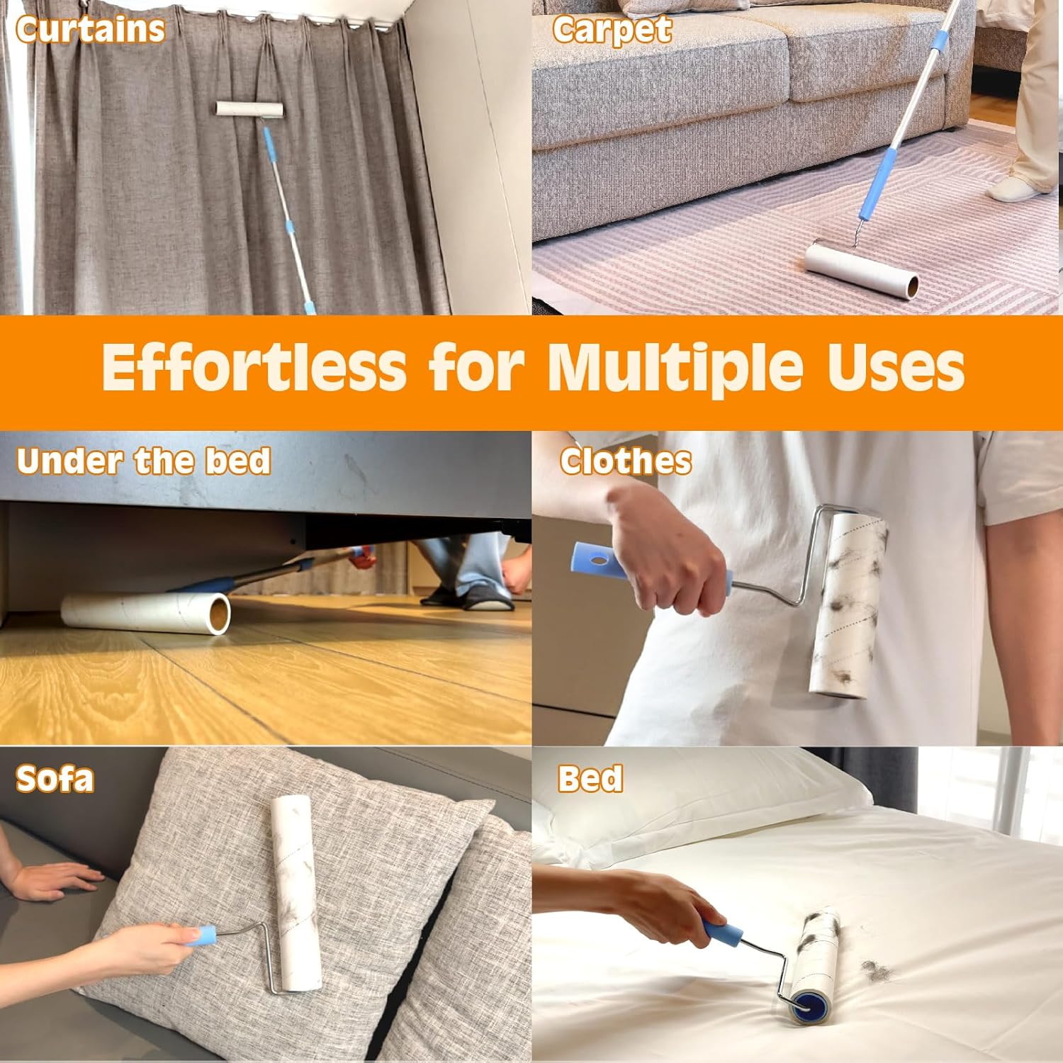 - Extra-Wide Sticky Sheets & High Capacity:This lint roller comes with 4 wide 9.45-inch adhesive rolls and 1 narrow 6.3-inch roll,providing exceptional coverage for large surfaces like bedding and sofas while the smaller roller handles delicate areas,with generous sheet counts in each roll ensuring long-lasting use before replacements are needed.
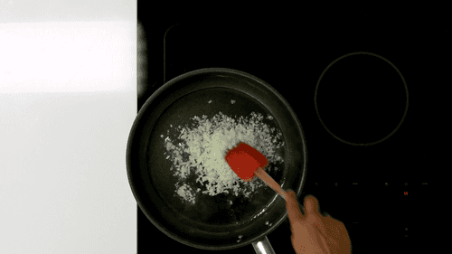 В сковороде разогреть масло и обжарить лук до прозрачности.
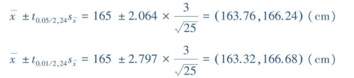 【例9.14】抽样调查某地20岁女大学生25人,获得身高均数为165cm,标准差为3cm。试估计该地20岁女大学生平均身高的95%和99%置信区间。

━━━━━━━━━━━━━━━━━━━━

• [THE TASK]: The data above is to be printed exactly, all of it, except for the pictures.

• [ANSWER TO THE EXERCISE]:
 - Extra-Wide Sticky Sheets & High Capacity:This lint roller comes with 4 wide 9.45-inch adhesive rolls and 1 narrow 6.3-inch roll,providing exceptional coverage for large surfaces like bedding and sofas while the smaller roller handles delicate areas,with generous sheet counts in each roll ensuring long-lasting use before replacements are needed.
 В сковороде разогреть масло и обжарить лук до прозрачности.
 【例9.14】抽样调查某地20岁女大学生25人,获得身高均数为165cm,标准差为3cm。试估计该地20岁女大学生平均身高的95%和99%置信区间。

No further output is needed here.